[Recorded information — start]

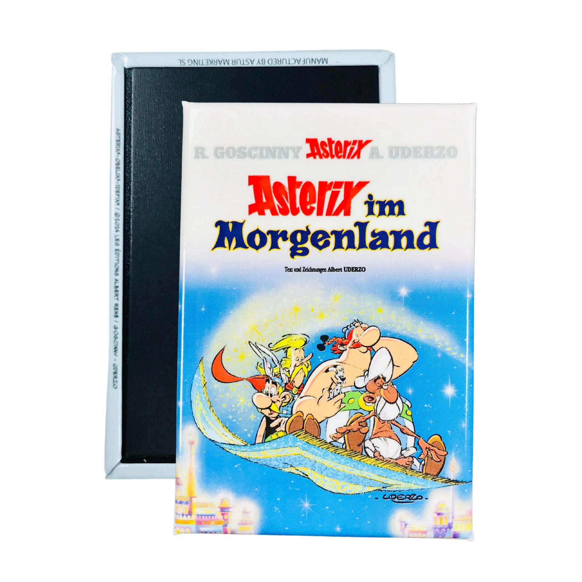 Adéntrate en el fascinante mundo de Astérix con el IMAN © 28 - Asterix im Morgenland - Portada Comic - Alemán - A#348, una pieza exclusiva que captura con máxima fidelidad la esencia y el espíritu aventurero de esta emblemática saga cómica. Esta obra magnética representa mucho más que un simple accesorio decorativo: es una ventana directa a la mágica y divertida travesía de Astérix y Obélix en tierras orientales, donde la historia, el humor y la cultura se entrelazan para crear un relato inolvidable.
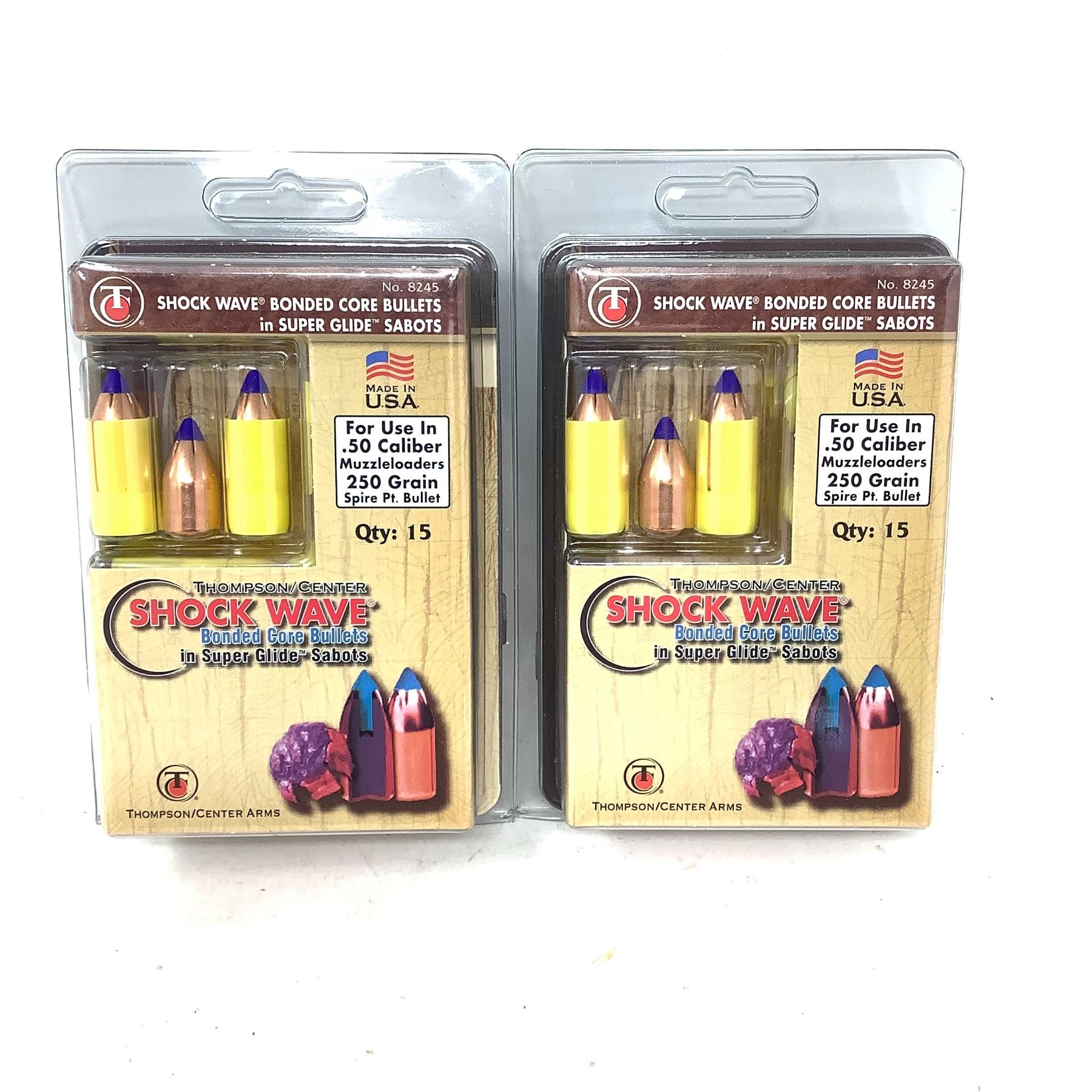 Thompson Center Shockwave 50 Cal 250 Grain Bonded Core Bullets in Super Glide Sabots, 30 QTY
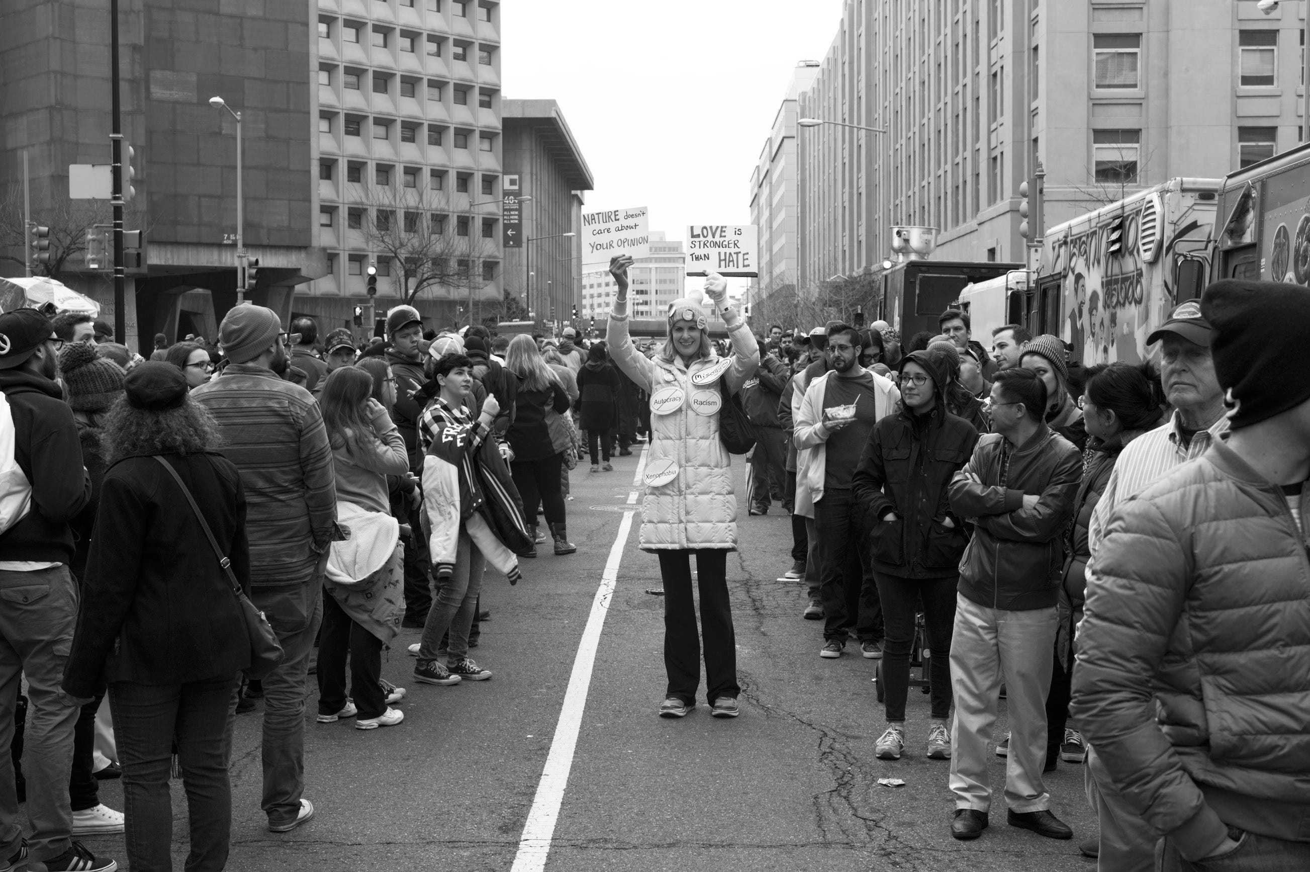 This year, we weren't standing on the Mall as we were then. But spiritually we were in the same place. We were standing with those whose voices aren't often heard—with people who have continued to be disenfranchised, their votes suppressed, their citizenship seen as a threat. We were standing with a diverse array of Americans against misogyny, racism, bigotry, and authoritarianism. We were standing with those who understand that praise for, and vital assistance from, the likes of Vladimir Putin is a disqualification from being the leader of the free world.

[Recorded information — finish]

Activity: For this exercise, repeat word for word only the lines from the one containing "Thompson Center Shockwave" through the end of the data, including both. Pictures do not go in the copy.

Exercise output:
 Thompson Center Shockwave 50 Cal 250 Grain Bonded Core Bullets in Super Glide Sabots, 30 QTY
 This year, we weren't standing on the Mall as we were then. But spiritually we were in the same place. We were standing with those whose voices aren't often heard—with people who have continued to be disenfranchised, their votes suppressed, their citizenship seen as a threat. We were standing with a diverse array of Americans against misogyny, racism, bigotry, and authoritarianism. We were standing with those who understand that praise for, and vital assistance from, the likes of Vladimir Putin is a disqualification from being the leader of the free world.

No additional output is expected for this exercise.